Datasets from Borg and Staufenbiel (2007)

Description

Datasets of the book of Borg and Staufenbiel (2007) Lehrbuch Theorien and Methoden der Skalierung.

Usage

data(data.bs07a)

Format

References

Borg, I., & Staufenbiel, T. (2007). Lehrbuch Theorie und Methoden der Skalierung. Bern: Hogrefe.

Examples

## Not run: 
#############################################################################
# EXAMPLE 07a: Dataset Gefechtsangst
#############################################################################

data(data.bs07a)
dat <- data.bs07a
items <- grep( "GF", colnames(dat), value=TRUE )

#************************
# Model 1: Rasch model
mod1 <- TAM::tam.mml(dat[,items] )
summary(mod1)
IRT.WrightMap(mod1)

#************************
# Model 2: 2PL model
mod2 <- TAM::tam.mml.2pl(dat[,items] )
summary(mod2)

#************************
# Model 3: Latent class analysis (LCA) with two classes
tammodel <- "
ANALYSIS:
  TYPE=LCA;
  NCLASSES(2)
  NSTARTS(5,10)
LAVAAN MODEL:
  F=~ GF1__GF9
  "
mod3 <- TAM::tamaan( tammodel, dat )
summary(mod3)

#************************
# Model 4: LCA with three classes
tammodel <- "
ANALYSIS:
  TYPE=LCA;
  NCLASSES(3)
  NSTARTS(5,10)
LAVAAN MODEL:
  F=~ GF1__GF9
  "
mod4 <- TAM::tamaan( tammodel, dat )
summary(mod4)

#************************
# Model 5: Located latent class model (LOCLCA) with two classes
tammodel <- "
ANALYSIS:
  TYPE=LOCLCA;
  NCLASSES(2)
  NSTARTS(5,10)
LAVAAN MODEL:
  F=~ GF1__GF9
  "
mod5 <- TAM::tamaan( tammodel, dat )
summary(mod5)

#************************
# Model 6: Located latent class model with three classes
tammodel <- "
ANALYSIS:
  TYPE=LOCLCA;
  NCLASSES(3)
  NSTARTS(5,10)
LAVAAN MODEL:
  F=~ GF1__GF9
  "
mod6 <- TAM::tamaan( tammodel, dat )
summary(mod6)

#************************
# Model 7: Probabilistic Guttman model
mod7 <- sirt::prob.guttman( dat[,items] )
summary(mod7)

#-- model comparison
IRT.compareModels( mod1, mod2, mod3, mod4, mod5, mod6, mod7 )

## End(Not run)

Examples with Datasets from Eid and Schmidt (2014)

Description

Examples with datasets from Eid and Schmidt (2014), illustrations with several R packages. The examples follow closely the online material of Hosoya (2014). The datasets are completely synthetic datasets which were resimulated from the originally available data.

Usage

data(data.eid.kap4)
data(data.eid.kap5)
data(data.eid.kap6)
data(data.eid.kap7)

Format

Source

The material and original datasets can be downloaded from http://www.hogrefe.de/buecher/lehrbuecher/psychlehrbuchplus/lehrbuecher/ testtheorie-und-testkonstruktion/zusatzmaterial/.

References

Eid, M., & Schmidt, K. (2014). Testtheorie und Testkonstruktion. Goettingen, Hogrefe.

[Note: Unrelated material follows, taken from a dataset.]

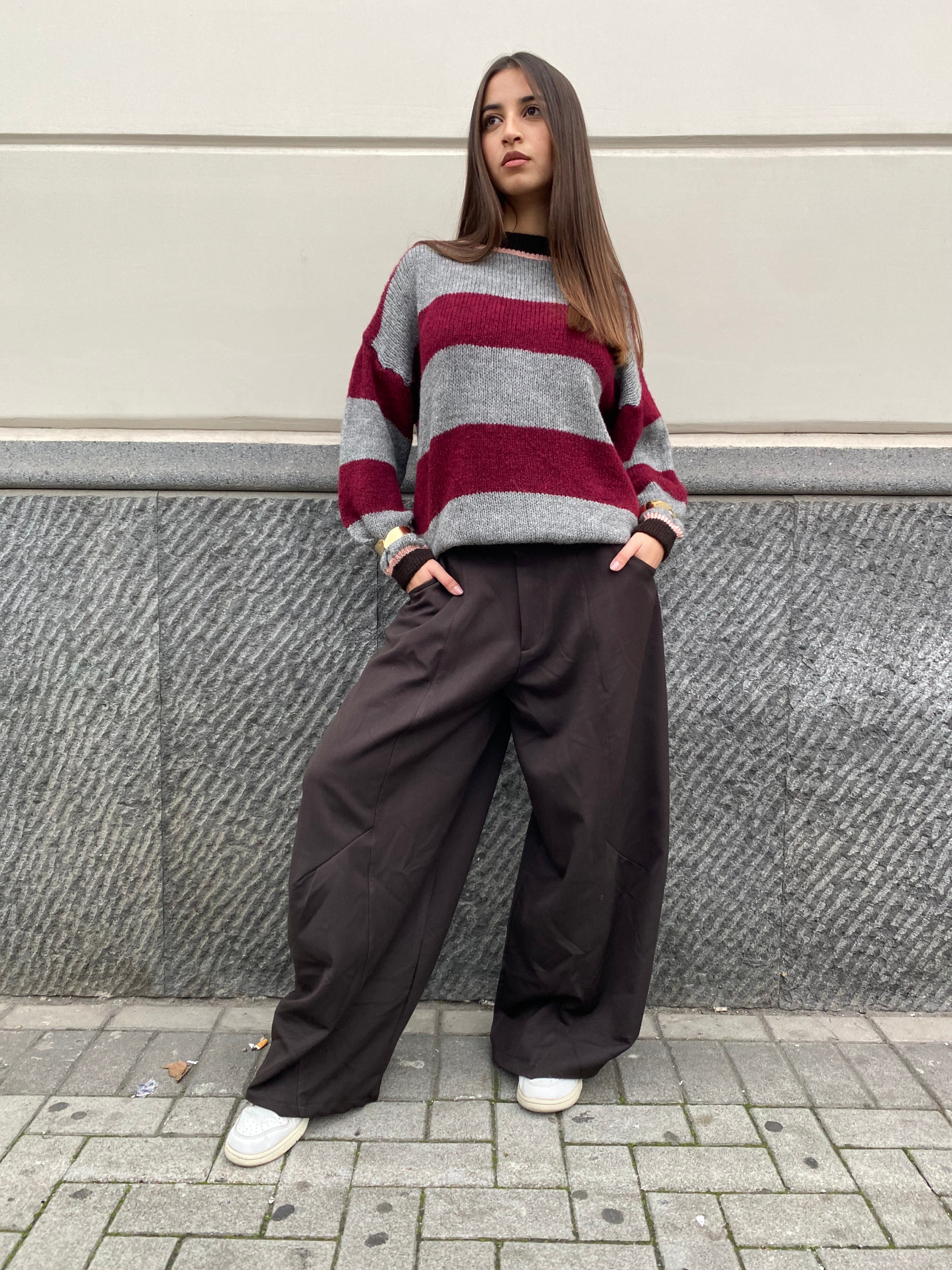Pantalone vestibilità balloon, largo di gamba, con elastico sul retro, leggermente stretto giù, taglia unica adattabile ad...
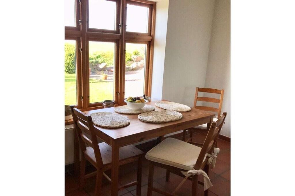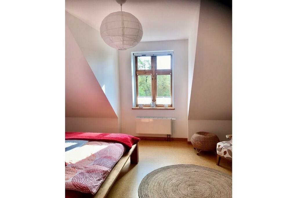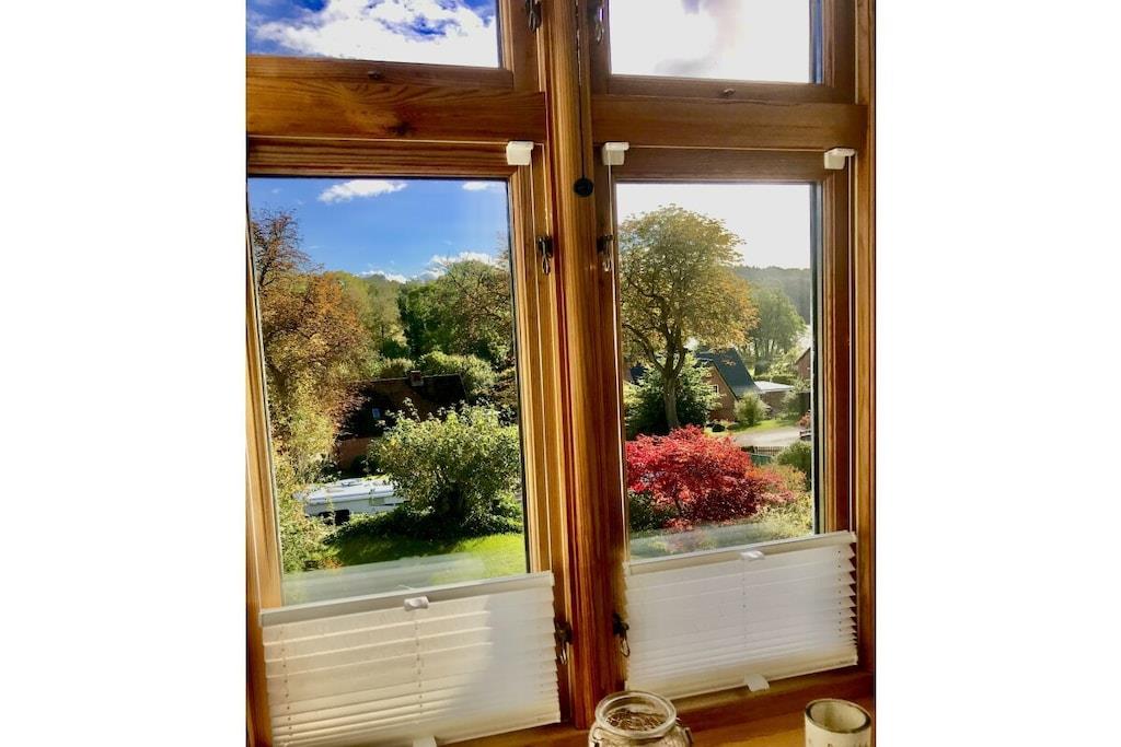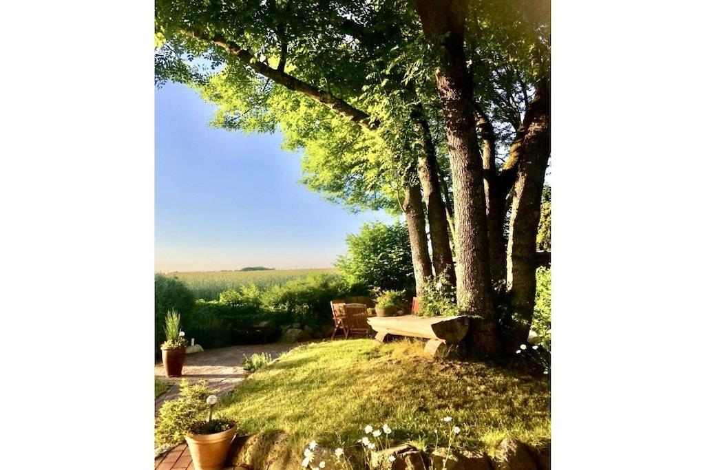 Die gemütliche Licht durchflutete 90 m2 Wohnung mit separatem Eingang ist der rechte Teil des skandinavischen Holzhauses. Sie erstreckt sich mit geräumiger Küche, Gäste WC, dem offenen Wohn- Essbereich im Erdgeschoss , 2 Schlafzimmern & Vollbad ( Dusche und Badewanne sowie 2. WC ) im Obergeschoss über 2 Ebenen und verfügt zusätzlich über eine offene Galerie / Hems unter dem Dach mit Weitblick. Durch die offene Hanglage, teilweise Blick auf Gut & See von Muggesfelde, den offenen Holztreppen nicht barrierefrei! Die eigene Terrasse mit Teak Gartenmöbeln, Relaxliegen, & Webergrill befindet sich in direkter Feldrandlage; der Freisitz unter den Eschen lädt zum Sonnenuntergang ein. WLAN zum Streamen mit eigenem Endgerät.

Hosoya, G. (2014). Einfuehrung in die Analyse testtheoretischer Modelle mit R. Available at http://www.hogrefe.de/buecher/lehrbuecher/psychlehrbuchplus/lehrbuecher/testtheorie-und-testkonstruktion/zusatzmaterial/.

Examples

## Not run: 
miceadds::library_install("foreign")
#---- load some IRT packages in R
miceadds::library_install("TAM")        # package (a)
miceadds::library_install("mirt")       # package (b)
miceadds::library_install("sirt")       # package (c)
miceadds::library_install("eRm")        # package (d)
miceadds::library_install("ltm")        # package (e)
miceadds::library_install("psychomix")  # package (f)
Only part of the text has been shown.